SHAWN RYAN: By the time you got into the hat, I’m just curious. By the time you had gotten to the Hatchet Force, you had said that SOG was kind of being infiltrated with inexperienced operators.
DALE HANSON: Yeah. And I don’t want to offend people by doing that.
SHAWN RYAN: So kind of where I’m going with this is, you know, by the time you were at the Hatchet Force, had you already seen the inexperience infiltrate the SOG? And so what was that like being a reactionary force for a SOG unit that is less capable than when you were in?
DALE HANSON: I think in some ways it showed up in the recon first because the adage that we had in SOG was okay, you get in a firefight or something like that. And the adage was always break contact and continue mission. So as much as you can, you overwhelm them. Broke contact, you need to get them out of the way and then continue the mission if you can, because your job is gathering intelligence.
And the fact that unless it was overwhelming force and it’s imminent disaster for you, you don’t call for an exfiltration. You continue the mission. That ethic didn’t seem to carry over to the new guys because so many of them would get in a firefight and then they pulled out and then went to A and D and got their Bronze Star or whatever, you know.
And we would, we had some missions, but that we are, it was so dense and so forth and you had to sneaky Pete so much and yet you were so successful at it that you didn’t have a firefight. And then you come out of the thing and people would think, “Well, you had a dry hole, nothing happened,” you know, because you didn’t get in the firefight. And it’s like, man, we did what we were supposed to do and didn’t get in the firefight.
How the Hatchet Force Operated
SHAWN RYAN: You know, how would, how would the Hatchet Force work? Would you be, how would you be co-located with a SOG unit that’s on a mission?
DALE HANSON: They could, in other words, if they found something significant, they could radio the information, they could send in a reaction.
SHAWN RYAN: Force so they would turn it over.
DALE HANSON: Yeah, they could do that.
SHAWN RYAN: Okay.
DALE HANSON: Okay. Yeah.
SHAWN RYAN: What kind of significance, I mean, I have there that you did a significant cross border operation?
DALE HANSON: Yeah, things that needed to be acted on right away or they’re going to lose their significance. Perhaps something that stalled the enemy movement going south, wherever they were, that gave you an opportunity right there. If you’re right now, you’re going to do all right, you know.
Yeah, I think that’s about it. Just, it has to be significant for the recon team to pass it over because when the recon team gets pulled out, they may be compromised simply because of the helicopter and all that.

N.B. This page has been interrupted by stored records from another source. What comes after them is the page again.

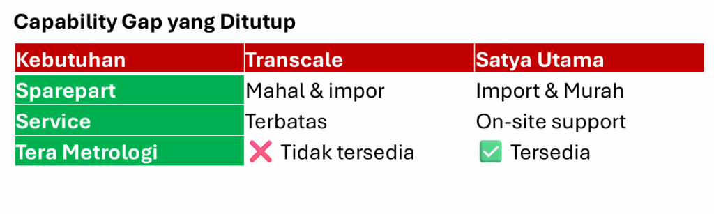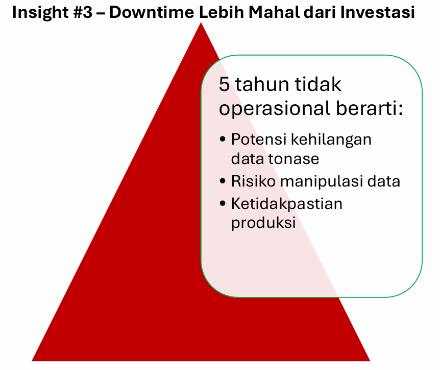 Masalah utama adalah ketergantungan pada vendor luar neger. Biaya penggantian sangat tinggi, harga loadcell Transcale ≈ 4x lebih mahal, dan biaya jasa ≈ 5x lebih mahal Tidak tersedia layanan tera metrology. Risiko operasionalnya adalah data tonase tidak valid, potensi kerugian finansial besar, seta tidak lolos audit.
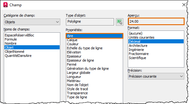 Les propriétés de l’objet sélectionné, y compris l’aire, s’affichent.
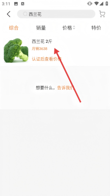3在搜索结果里找到标注“西兰花2斤”的商品选项,点击该选项即可跳转至商品详情页。
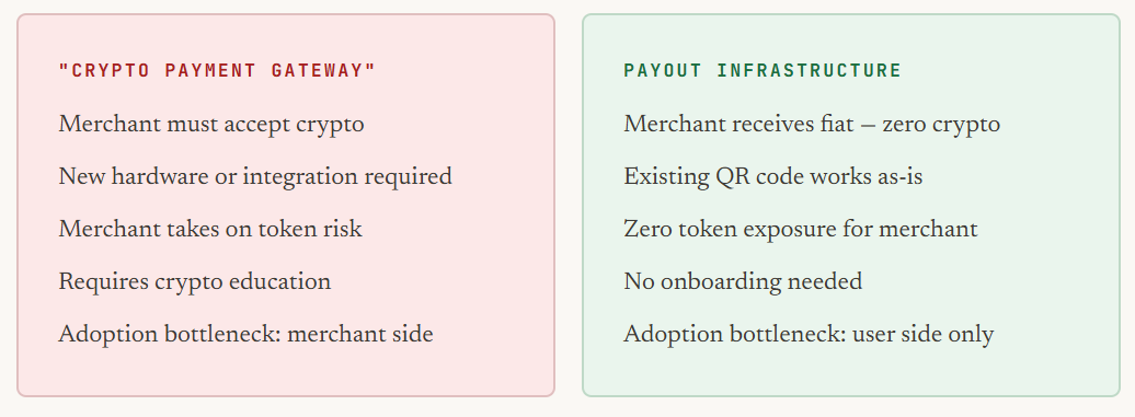 If you think you're building a "crypto payment gateway," you're trying to get merchants to accept crypto. That means merchant onboarding, new terminals, new settlement flows, compliance education — all the friction that has stalled crypto payments for a decade.
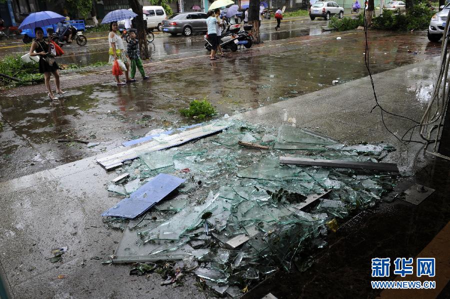 7月19日,廣東徐聞縣城一家旅館的玻璃幕墻完全破碎。 7月18日19時30分前后,今年第9號臺風“威馬遜”在廣東湛江徐聞縣龍塘鎮沿海再次登陸,登陸時中心附近最大風力17級(超強臺風級)。“威馬遜”過境后,廣東湛江徐聞縣城內滿目瘡痍,電力等城市基礎設施遭受重創。(新華社 記者 梁旭 攝)
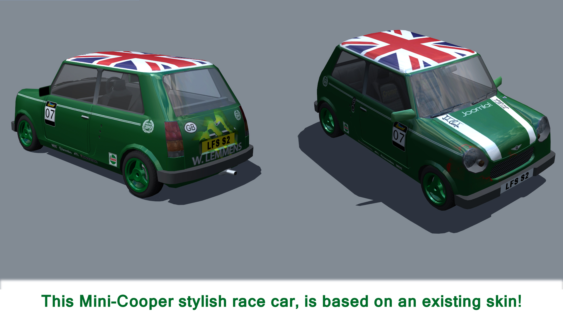 Based on an existing Mini-Cooper stylish skin, I created a nice race skin for myself. Here a preview:
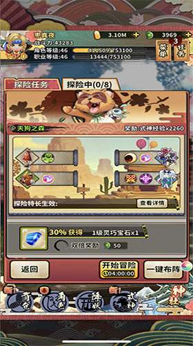 每个探险任务需要的时间都不相同,面对的敌人也丰富多样,在正式开始前大家要认真挑选、优先挑战自己急缺的奖励。除此之外,由于玩家们的式神数量有限,合理分配给不同的探险任务尤为重要。通过不同的式神搭配,玩家们能预览到任务成功率,一般来说90%以上就可以了,可不要突破了100%、浪费式神战斗力哦!
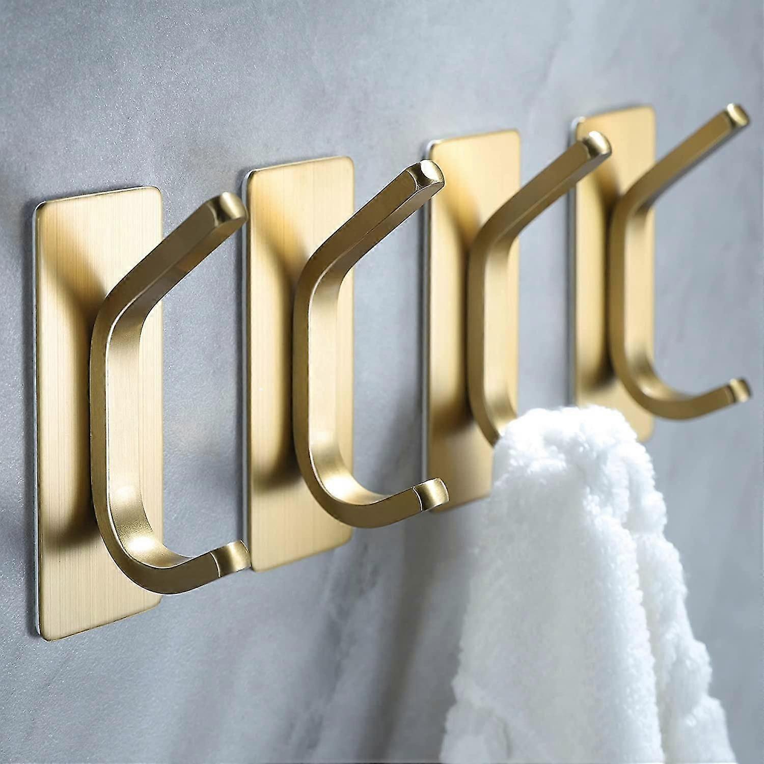 Towel Hooks/adhesive Hooks - Brushed Gold Wall Hooks For Hanging Coat, Hat,towel Robe Hook, Bathroom And Bedroom 4-packs, Stainless Steel

SHAWN RYAN: I’m just curious.
DALE HANSON: So how.
SHAWN RYAN: I’m just trying to figure out what the dynamic is between the Hatchet or Mike Force to the SOG unit. I mean, would this be, the way I envision it is, you know when I would go out with a SEAL team or every once in a while with at the agency, if there were air assets, if there was a blocking force, if there was anybody else involved, everybody sat in with the same for the same exact brief.
DALE HANSON: Right.
SHAWN RYAN: But I mean with what you guys are doing, I mean I think you signed like it was, it was like a 20 or 30 year waiver. Like non-disclosure agreements and I mean, you know, and so I don’t, how, I guess what I’m asking is how in tune was the Hatchet or Mike Force with the SOG unit? Did they know everything where they’re going, everything or were they just in a, they waiting just to get caught?
DALE HANSON: Top secret. You knew your own mission and that’s it. So if you were captured and tortured, that’s all you can tell them? Yeah. So yeah, for the most part you wouldn’t know what the next team is doing.
SHAWN RYAN: So the Hatchet Force have really has no idea what the SOG unit is doing.
DALE HANSON: Right.
SHAWN RYAN: Unless.
DALE HANSON: Yeah, they’re part of SOG.
SHAWN RYAN: They are part of SOG.
DALE HANSON: Yeah. We had a reaction for different names for it, but we had one in the compound.
SHAWN RYAN: Okay.
DALE HANSON: Yeah.
SHAWN RYAN: So they were very in tune with what you guys.
DALE HANSON: Yeah. And they could send out everything.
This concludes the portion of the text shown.